AI's Use in Copyright Law: Is It Permissible as Fair Use or an Infringement?

In a series of high-profile lawsuits, major entertainment companies like Disney, Universal, and Warner Bros. have accused AI companies of using copyrighted scripts, stills, and character designs without permission to train their AI models. These legal battles, which are testing the boundaries of fair use and creative rights, are reshaping the landscape of AI development and raising important questions about the role of creators in the AI era.

The use of copyrighted material for training AI models is evaluated under the four-factor fair use test defined by the U.S. Copyright Act. The four factors considered are:

Purpose and character of the use: Courts look favorably on uses that transform the original work's purpose, such as teaching an AI to generate new text or art. AI companies argue that training qualifies because it involves extracting patterns to build new systems, while critics argue that generative models can closely mimic the style of specific authors, artists, or musicians.
Nature of the copyrighted work: Whether the work is creative or factual can influence the fair use analysis. In the AI context, the second factor typically weighs against fair use, as generative AI models are often trained on highly expressive content such as fiction, poetry, visual art, and film scripts.
Amount and substantiality of the portion used: Using large amounts may weigh against fair use if it replicates the core creative expression. The large-scale ingestion of entire texts or datasets necessary for AI training is generally considered unlicensed copying by many creators, publishers, and rights holders.
Effect on the market: Courts consider whether the use harms the market for the original works or causes market dilution. Creators argue that AI-generated content could substitute for their work, especially when it imitates a distinctive style or is used commercially.

Recent court decisions, particularly in 2025, have found that training AI models on lawfully obtained copyrighted works can qualify as fair use if the use is deemed highly "transformative"—meaning the AI uses the works to learn language patterns and generate new, unrelated content rather than reproducing the original material. However, these rulings are fact-specific and do not create broad absolute safe harbors.

Prominent 2025 cases, such as Bartz v. Anthropic and Kadrey v. Meta, found AI training fair use because the training was transformative and did not demonstrably harm the market for the original works. Yet, courts warned that if concrete evidence of market harm or dilution existed, fair use might not apply. Additionally, courts emphasize that training on pirated or unlawfully obtained materials likely violates copyright and is not protected by fair use. Licensing or purchasing data for training further protects AI developers from liability.

In the UK, officials have released new guidance on AI ethics and creative rights, and efforts to give creators more control, like opt-out systems, are starting to gain more traction. Notably, Tennessee's ELVIS Act was passed to protect people's voices and likeness from being used without permission in AI-generated content.

One recent decision found that Anthropic's use of copyrighted books to train its Claude AI model could qualify as fair use, but the company was found to have downloaded millions of books from pirate websites. This highlights the complexities and nuances involved in these cases, as well as the importance of adhering to copyright laws when sourcing data for AI training.

As the legal landscape evolves, AI companies like Adobe train their models only on licensed or owned content, while others like Getty Images and the Authors Guild have sued Stability AI and OpenAI, respectively, for using their copyrighted works without permission. Former President Donald Trump has publicly rejected proposals requiring AI companies to compensate creators for training on their work.
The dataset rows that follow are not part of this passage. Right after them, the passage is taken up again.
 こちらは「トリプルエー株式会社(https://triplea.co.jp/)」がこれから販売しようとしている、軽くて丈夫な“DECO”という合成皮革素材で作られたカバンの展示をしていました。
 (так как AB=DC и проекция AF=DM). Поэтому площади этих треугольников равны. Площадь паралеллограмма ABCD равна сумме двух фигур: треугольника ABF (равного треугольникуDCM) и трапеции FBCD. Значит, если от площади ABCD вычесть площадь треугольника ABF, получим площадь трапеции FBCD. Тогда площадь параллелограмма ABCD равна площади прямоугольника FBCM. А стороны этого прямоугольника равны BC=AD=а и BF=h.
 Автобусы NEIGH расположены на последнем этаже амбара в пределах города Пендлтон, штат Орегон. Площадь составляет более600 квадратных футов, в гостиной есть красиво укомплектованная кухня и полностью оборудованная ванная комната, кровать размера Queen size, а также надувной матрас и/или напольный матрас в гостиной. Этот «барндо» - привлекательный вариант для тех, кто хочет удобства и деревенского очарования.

The legal basis for this defense remains uncertain, as the training of generative models is a novel use on a massive scale that doesn't fit neatly into any of the established fair use precedents. The unresolved legal questions surrounding each factor of the fair use test when applied to generative AI will continue to shape these ongoing legal battles and the future of AI development.

The use of copyrighted books by companies like Anthropic to train their AI models can potentially be deemed as fair use, but it is crucial to adhere to copyright laws when sourcing data, as the large-scale downloading of copyrighted works from pirate websites, as in Anthropic's case, may not be protected.
As the AI industry continues to expand, companies like Adobe are opting to train their models only on licensed or owned content to avoid potential legal disputes, while entities like Getty Images and the Authors Guild are taking legal action against firms like Stability AI and OpenAI for using their copyrighted works without permission.